The Art Curriculum


Whew!  Since I’m leaving in a few days for the SEA Homeschoolers Convention, I thought now would be a good time to sit down and actually talk about the art curriculum.  If you’re wondering what the heck I’m talking about, it can be found here at my Teachers Pay Teachers store.


A Giveaway! 

First things first: I’m giving a digital copy of the curriculum away!  Which is why I have a picture with a not-so-lovely flash drive featured prominently.  If you are coming to the SEA Homeschooling Convention in Atlanta, go buy a few tickets for the Convention Door Prize drawing on Saturday at 5:45 p.m.  You must be present to win, and tickets cost $5 per ticket or $20 for 5 tickets.  That sounds pricy, but trust me, it’s worth it!

Last year Oak Meadow gave away entire sets of curriculum by grade.  Math Mammoth gave away full levels of their math curriculum.  Pandia Press also gave curriculum away, plus there were tons of gift bags, books, and assorted swag.  The Convention Drawing funds go to the American Foundation for Suicide Prevention, and I’m excited about being able to support such a worthy cause.
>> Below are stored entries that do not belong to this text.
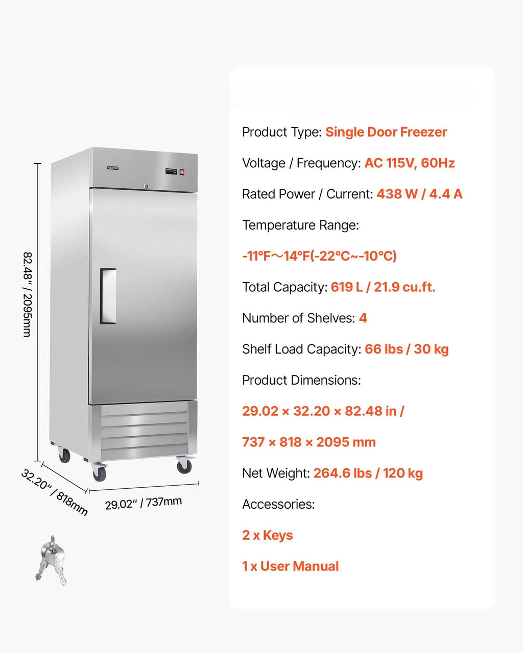 This commercial reach-in freezer provides reliable, high-capacity cold storage for restaurants, commercial kitchens, and demanding home use. Built with durable stainless steel construction and a tall upright design, it delivers consistent freezing performance, frost-free operation, and precise digital temperature control. Ideal for bulk frozen food storage while maximizing space efficiency.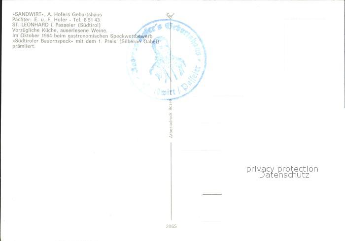 St Leonhard Passeier Sandwirt postalisch nicht gelaufen Erhaltung siehe scans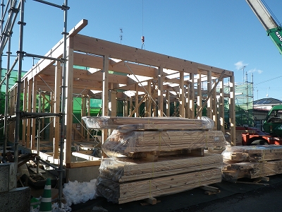 ブログBLOGH様邸建方。2016.01.19いよいよH様邸の建方となりました! 昨日の雪かきの成果もあり、朝一からスムーズに作業に入れました。 天気も良く、建方日和となりました。 今日の作業で母屋まで組み上がり、建物全体のボリュームが出現しました。 今まで基礎しかなかった現場に躯体が組み上がると、お施主様にとっては、ますます「家」という実感が わいてくると思います。 何もないところから、今まで考えてきたプランが実際に造られていくのは楽しみですね。 建方も無事終わり、明日からの作業も順調に進めていきたいと思います! (山中)BACK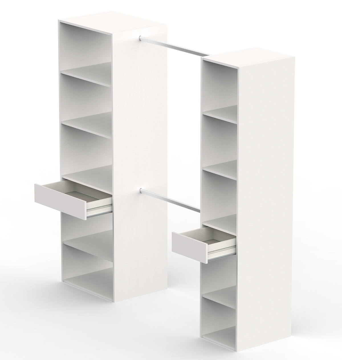 Armoire kit dressing, en panneaux de particules et mélamine haute densité coloris blanc, composée de 2 penderies et de 2 colonnes avec chacune 1 tiroir (guides métalliques) et 4 étagères dont 1 réglable en hauteur (la plus basse). Comprend la quincaillerie pour fixer au mur. Produit de fabrication Espagnol certifié PEFC. Livré en kit. Dimensions : Hauteur 200 x Longueur 200 x Profondeur 50 cm Longueur étagère : 65 cm. Étagère étroite : 39,5 cm Hauteur des étagères supérieures : 36,5 cm Hauteur totale des compartiments inférieurs : 66,5 cm Matière : panneaux de particules et mélamine haute densité Coloris : Blanc Poids : 85 kg

So, if you’re coming to the convention and you’re interested in my curriculum, spend a few bucks to save $75.  Or more – have you seen how expensive Oak Meadow is?


The Curriculum

Now that I’ve gotten the super important details out-of-the-way, let’s talk about what the curriculum actually is.  I’ve talked about it before and given some details but I wanted to share why I think this curriculum would be helpful to you.  I’m biased, of course, but I think it’s a wonderfully crafted, super amazing, awesome piece of work.  I’m also very modest, in case you were wondering /irony.
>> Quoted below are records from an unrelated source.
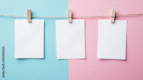Three Blank Photo Frames Hanging on Pastel Background Perfect for Mockups and Designs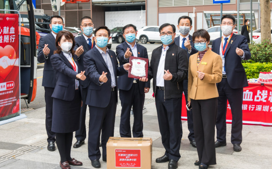 華夏銀行深圳分行行領(lǐng)導(dǎo)先后看望、慰問獻(xiàn)血員工。深圳市血液中心向華夏銀行深圳分行頒授感謝獎(jiǎng)牌,深圳分行孫海強(qiáng)副行長(zhǎng)代表分行向血液中心捐贈(zèng)1000只口罩。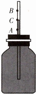 (3)给温度计标刻度时,将小药瓶分别放在$20^{\circ}C和60^{\circ}C$的水中,并标记液面稳定时的位置$A和B$,则$20^{\circ}C$对应的是______(选填“$A$”或“$B$”);把小药瓶放入另一杯温水中,标记液面稳定时的位置为$C$点,用刻度尺测出$AB间距为8cm$,$AC间距为5cm$,则标记$C$点所对应的温度为______$^{\circ}C$。(忽略温度计制作工艺的影响)

Whatever you think of it, the curriculum is a piece of work – a massive one.  It’s 353 pages long, and fills an entire 1″ 3-ring binder when printed on double-sided paper.  It’s a beast!  It’s also designed to be used without printing the entire thing, so that people have the option to save money and resources.



Art History?  Isn’t that boring?

Lots of people think art history is boring.  I think art history – as taught in textbooks – is boring.  I remember desperately trying to memorize paintings using flash cards in my college classes, and thinking WHY IS THIS IMPORTANT?!  There were tears, some screaming, and a whole lot of grumping and complaining going on.  So why would I enthusiastically advocate for you to teach your kids art history?

Why?  Because art history isn’t boring.  It’s amazing – just like the study of history, it’s full of interesting details, weird little quirks, and fun stuff that isn’t always included in the average textbook.  I firmly believe that if you bring art history to life, kids will love it.   More than that, it’s a perfect way to cement all sorts of cross-discipline study into one cohesive blurb.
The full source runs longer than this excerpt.